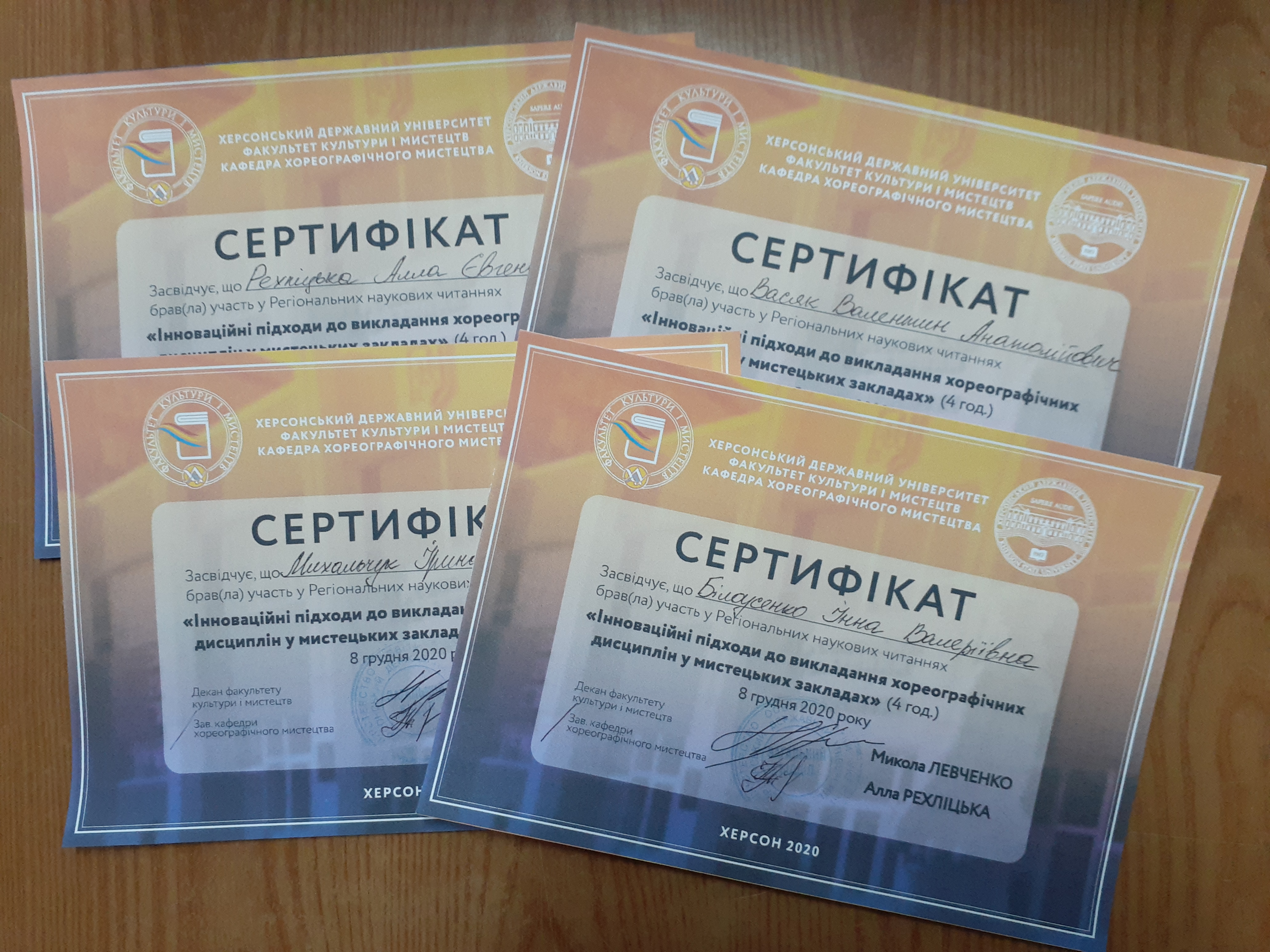 8 грудня 2020 року кафедрою хореографічного мистецтва факультету культури і мистецтв Херсонського державного університету було проведено Регіональні наукові читання «Інноваційні підходи до викладання хореографічних дисциплін у мистецьких закладах», в якому взяли участь професорсько-викладацький склад кафедри, викладачі Херсонського фахового коледжу культури і мистецтв та вчителя хореографічних дисциплін хореографічного відділення Херсонського Таврійського ліцею мистецтв. Були висвітлені теми: «Використання спеціальних тренажерів для розвитку хореографічних здібностей танцівників» – зам. декана з навчально-методичної роботи та практик, кандидаткою педагогічних наук, старшою викладачкою кафедри хореографічного мистецтва Наталею Терешенко, «Інноваційні методи у партерній гімнастиці» – викладачем класичного танцю Херсонського фахового коледжу культури і мистецтв Іриною Циганій, «Специфіка використання імпровізаційних структур у постановчій діяльності керівника хореографічного колективу» – головою циклової комісії «Сучасна хореографія» Херсонського фахового коледжу культури і мистецтв Лесею Макогон, викладачкою сучасного танцю Херсонського фахового коледжу культури і мистецтв Тамілою Котковою, «Взаємовплив традиційних та інноваційних методів навчання у викладанні навчальної дисципліни «Сценічна практика» – викладачем хореографічних дисциплін Херсонського фахового коледжу культури і мистецтв Дмитром Шакулою.
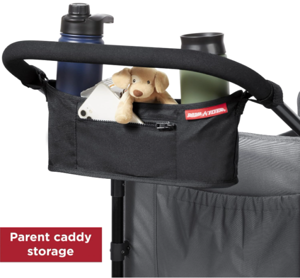 • STORAGE CAPACITY: This Stroll N’ Wagon includes a parent caddy for the adult’s storage needs and internal storage pockets for the little ones. It also comes with a rear storage pouch to store the canopy in when not in use and two front cup holders.
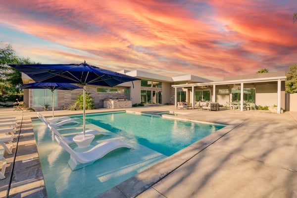 Featuring clean, modern lines and architecture, 16 foot vaulted ceilings, a VIP concierge service, in a gated community - this 5 bedroom, 5 bath home is a perfect escape. Situated on a half-acre lot, Arroyo Luxe features an expansive pool and spa area with an outdoor firepit, perfect for entertaining. For an additional fee, this home offers a private chef, pre-fridge stocking, and mid-stay cleans. Get ready for the trip of a lifetime at Arroyo Luxe! Walking into the villa you will find yourself drawn to the beautiful living area. Featuring a fireplace, big screen TV, and elevated furnishings, making this the ideal gathering place. This home features two master suites with en suite bathrooms and large walk in closets allowing you to comfortably unwind after a busy day. The remaining three bedrooms also offer ensuite bathrooms providing all guests with privacy. This luxurious and elegant home is the perfect place that you deserve to get away from it all. We report and prosecute all Credit Card Fraud. Permit Number 260-316
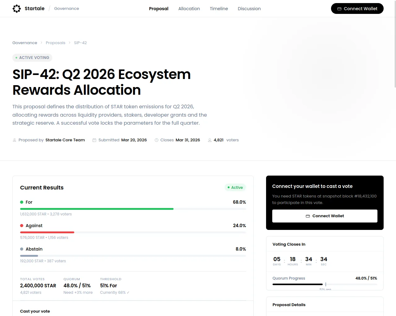 Governance — Rewards Allocation Proposal | Startale

- Your assignment -
In the copy, omit the pictures and give every line of the data exactly.

- Written solution -
 8 грудня 2020 року кафедрою хореографічного мистецтва факультету культури і мистецтв Херсонського державного університету було проведено Регіональні наукові читання «Інноваційні підходи до викладання хореографічних дисциплін у мистецьких закладах», в якому взяли участь професорсько-викладацький склад кафедри, викладачі Херсонського фахового коледжу культури і мистецтв та вчителя хореографічних дисциплін хореографічного відділення Херсонського Таврійського ліцею мистецтв. Були висвітлені теми: «Використання спеціальних тренажерів для розвитку хореографічних здібностей танцівників» – зам. декана з навчально-методичної роботи та практик, кандидаткою педагогічних наук, старшою викладачкою кафедри хореографічного мистецтва Наталею Терешенко, «Інноваційні методи у партерній гімнастиці» – викладачем класичного танцю Херсонського фахового коледжу культури і мистецтв Іриною Циганій, «Специфіка використання імпровізаційних структур у постановчій діяльності керівника хореографічного колективу» – головою циклової комісії «Сучасна хореографія» Херсонського фахового коледжу культури і мистецтв Лесею Макогон, викладачкою сучасного танцю Херсонського фахового коледжу культури і мистецтв Тамілою Котковою, «Взаємовплив традиційних та інноваційних методів навчання у викладанні навчальної дисципліни «Сценічна практика» – викладачем хореографічних дисциплін Херсонського фахового коледжу культури і мистецтв Дмитром Шакулою.
 • STORAGE CAPACITY: This Stroll N’ Wagon includes a parent caddy for the adult’s storage needs and internal storage pockets for the little ones. It also comes with a rear storage pouch to store the canopy in when not in use and two front cup holders.
 Featuring clean, modern lines and architecture, 16 foot vaulted ceilings, a VIP concierge service, in a gated community - this 5 bedroom, 5 bath home is a perfect escape. Situated on a half-acre lot, Arroyo Luxe features an expansive pool and spa area with an outdoor firepit, perfect for entertaining. For an additional fee, this home offers a private chef, pre-fridge stocking, and mid-stay cleans. Get ready for the trip of a lifetime at Arroyo Luxe! Walking into the villa you will find yourself drawn to the beautiful living area. Featuring a fireplace, big screen TV, and elevated furnishings, making this the ideal gathering place. This home features two master suites with en suite bathrooms and large walk in closets allowing you to comfortably unwind after a busy day. The remaining three bedrooms also offer ensuite bathrooms providing all guests with privacy. This luxurious and elegant home is the perfect place that you deserve to get away from it all. We report and prosecute all Credit Card Fraud. Permit Number 260-316
 Governance — Rewards Allocation Proposal | Startale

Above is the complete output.